The details of all numerical values for cell properties can be found in Table 1. These values were chosen according to those found in the literature for cortical neurons (Pospischil et al. 2011; Rossant et al. 2011; Hertäg et al. 2014). Parameters are identical for excitatory and inhibitory neurons except when specified, for example adaptation parameters are set to 0 for inhibitory cells. For every simulation, initial values of V m are drawn from a distribution uniform in [V rest, V T].

Table 1 Parameters of the adaptive exponential and fire neuron used in all the simulations
Full size table

Synapses

Changes in synaptic conductances triggered by incoming spikes from excitatory and inhibitory neurons are modeled such that the total synaptic current to a neuron can be written as

$$ I_{\text{syn}}(t)=\sum\limits_{s \in \{exc, inh\}} (V(t)-E_{\text{rev}}^{\mathrm{s}})\sum\limits_{k} g_{s}(t-{t_{k}^{s}}) $$
(3)

The times \({t_{k}^{s}}\) (s∈{exc, inh}) are the times of the incoming spikes, respectively at excitatory and inhibitory synapses.
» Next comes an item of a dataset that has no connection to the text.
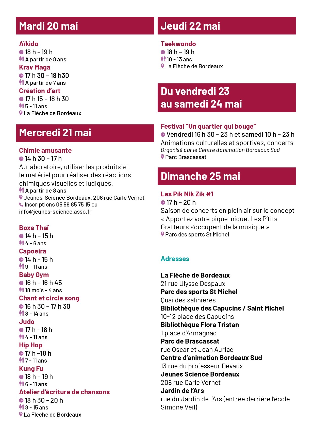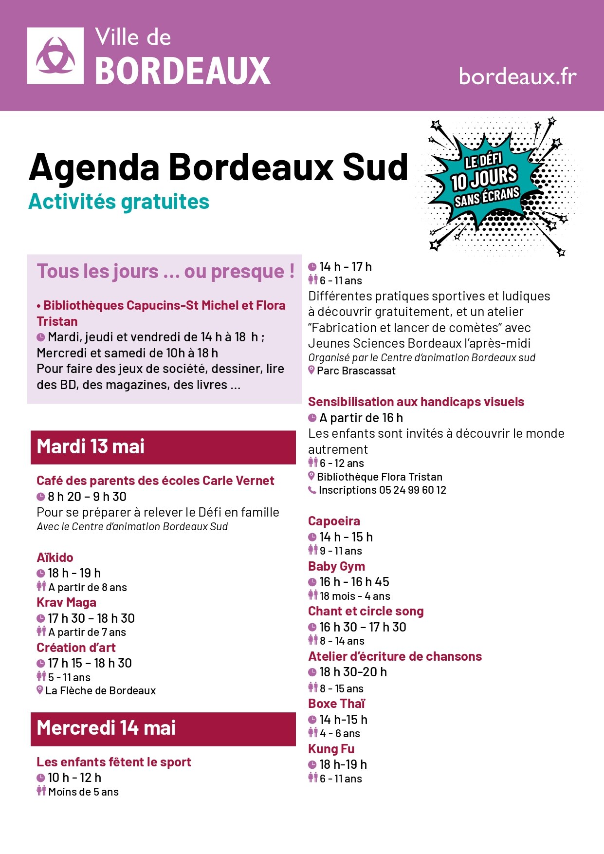 La mairie de Bordeaux, les écoles et les acteurs associatifs du quartier Bordeaux Sud, s'associent pour un grand défi à faire en famille : moins d'écrans pour plus de temps partagé. Un livret pour faire le défi et avoir la programmation des 10 jours sans écrans, sera distribué dans les écoles en amont. Vous retrouvez aussi bien des moments ludiques, …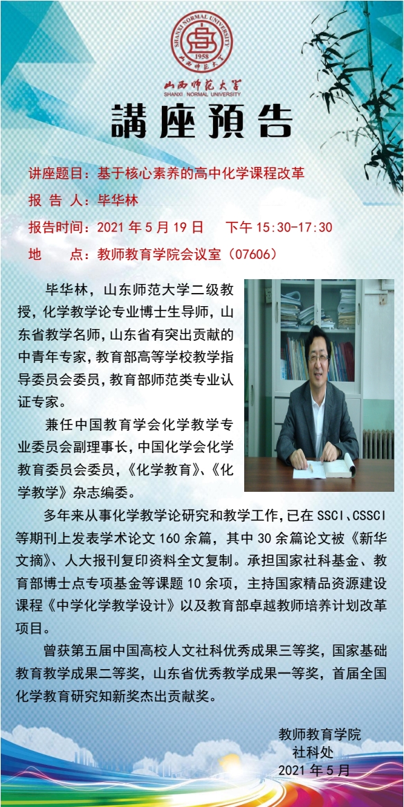 【预告】山东师范大学毕华林教授应教师教育学院邀请来威尼斯官网作学术报告

The dynamics g s∈{exc, inh}(t) after a spike is described by an alpha-function, from Rall synapse model (Bard Ermentrout and Terman 2010), so that the synaptic inputs may be rewritten as the convolution of the spike trains with kernels K s with \(K^{s}(t)=[t]_{+} e^{-\frac {t}{\tau _{s}}}/\tau _{s}\), [.]+ representing the Heaviside function. If the maximal conductance for a synapse type s is written \({g_{s}^{m}}\), we have \(g_{s}(t)={\sum }_{k}{g_{s}^{m}} K^{s}(t-{t_{k}^{s}})\), with k running over incoming spikes and s∈{exc, inh}. Figure 1 is illustrating all those concepts, in a condensed form. In all the paper, we took τ exc = 2ms and τ inh = 3ms for the synaptic time constants.

Diffusion approximation

The spiking activity for a neuron receiving only excitatory inputs at a rate ν exc is controlled by the total effective conductance input \(\mu =g^{m}_{exc}\nu _{\text {exc}}\tau _{\text {exc}}\). The minimum effective conductance input for spike to be triggered, related to the rheobase current, is the one that brings the membrane potential just above its threshold value and it is defined in the following by \(g^{\text {rheo}}=\frac {g_{L}(V_{T}-E_{L})}{V_{T}}\). The deviation of the membrane potential from the diffusion approximation is measured by the Kullback-Leibler divergence between the simulated membrane potential P mc and a theoretical Gaussian distribution P th having mean and variance as predicted from the diffusion approximation:

$$\mathcal{D}(P_{mc}||P_{th})=\int\limits_{-\infty}^{\infty} P_{mc}(v) ln \frac{P_{mc}(v)}{P_{th}(v)} dv. $$

Adaptation

In all the manuscript, we consider the sub-threshold or linear part of the adaptation as the one controlled by the a parameter in the equation of the adaptive exponential neuron, and the supra-threshold or non-linear part of the adaptation as the one controlled by the b parameter. Therefore, a neuron with only linear adaptation is one with b = 0, and one with only non-linear adaptation has a = 0. Physiological interpretation of these parameters is discussed in the neuron model description.

Cortical column

A column is composed of two populations of excitatory and inhibitory neurons connected in a random manner (Erdös-Renyi wiring) with excitatory and inhibitory weights g exc and g inh, and receiving external input ν ext from spike source generated through Poisson processes with weights g ext. This is equivalent to a so-called sparse balanced network (Brunel 2000). Neuron parameters are the same as those described in Table 1. A schematic drawing of the column can be found on Fig. 4a. More precisely, the sizes of the populations are N exc = 800, N inh = 200 and N ext = 200 (a classical 4:1 ratio between excitatory and inhibitory cells). Connections among neurons are drawn randomly with probabilities p AB , A (and B) being populations from which input (and output) neurons are selected (E for excitatory, I for inhibitory, ext for external input). In and out degrees of neurons are thus distributed according to a Poisson law with parameter p AB N A N B . In all the simulations, we use a value of p EE = p EI = 0.05, p II = p IE = 0.05 and p ext = 0.01. Excitatory weights are fixed to g exc = 6nS and inhibitory weights are modified through the control parameter g defined by g inh = g.g exc. For external connections, we have g ext = g exc/6. Delays of the connection are all equal to the simulation time step, i.e. 0.1ms.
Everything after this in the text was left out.